In deze zaak heeft het College van Beroep voor het bedrijfsleven uitspraak gedaan op het hoger beroep van appellant tegen een eerdere uitspraak van de rechtbank Noord-Nederland. Appellant had hoger beroep ingesteld tegen de uitspraak van 24 juni 2016, waarin zijn beroep ongegrond was verklaard. De staatssecretaris van Economische Zaken had appellant een boete van € 300,- opgelegd wegens het niet naar waarheid opgeven van gewaspercelen in de Gecombineerde opgave 2014. Dit vormde een overtreding van de Meststoffenwet. Daarnaast was er een korting op de bedrijfstoeslag 2014 opgelegd, wat appellant als dubbele bestraffing aanvoerde.

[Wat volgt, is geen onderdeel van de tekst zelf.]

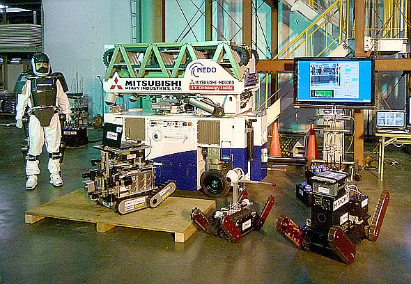 質で汚れた表面を清掃することができる。ロボットは自動制御で5時間(リチウム電池使用::三菱自動車工業のEV(電気自動車)用バッテリ技術を本ロボット用にカスタマイズ)働くことができるほか、操作も遠隔で行える。三菱重工は新ロボットについて、福島第1原発の事故処理作業に最適と指摘している。参照資料 英文資料もはやロボットでしか作業できない原発が、多様なロボットの開発を促進した。素直に「日本の技術はすごい」とは言えないような気がするが、、。参考資料

Het College oordeelde dat er geen sprake was van dubbele bestraffing, omdat de korting op de bedrijfstoeslag was herroepen en dus niet meer van toepassing was. De rechtbank had terecht geoordeeld dat de boete en de korting op de bedrijfstoeslag verschillende doelen dienden en dat de sancties die waren opgelegd op basis van het Gemeenschappelijk landbouwbeleid niet als strafrechtelijk konden worden beschouwd. Het Hof van Justitie van de Europese Unie had eerder geoordeeld dat dergelijke sancties bedoeld zijn om het beheer van EU-middelen te beschermen en niet om te straffen.
Het College bevestigde de uitspraak van de rechtbank en oordeelde dat de lagere vaststelling van de bedrijfstoeslag geen bijzondere omstandigheid was die leidde tot een verlaging van de boete. De uitspraak werd gedaan door een meervoudige kamer en in het openbaar uitgesproken op 27 november 2017.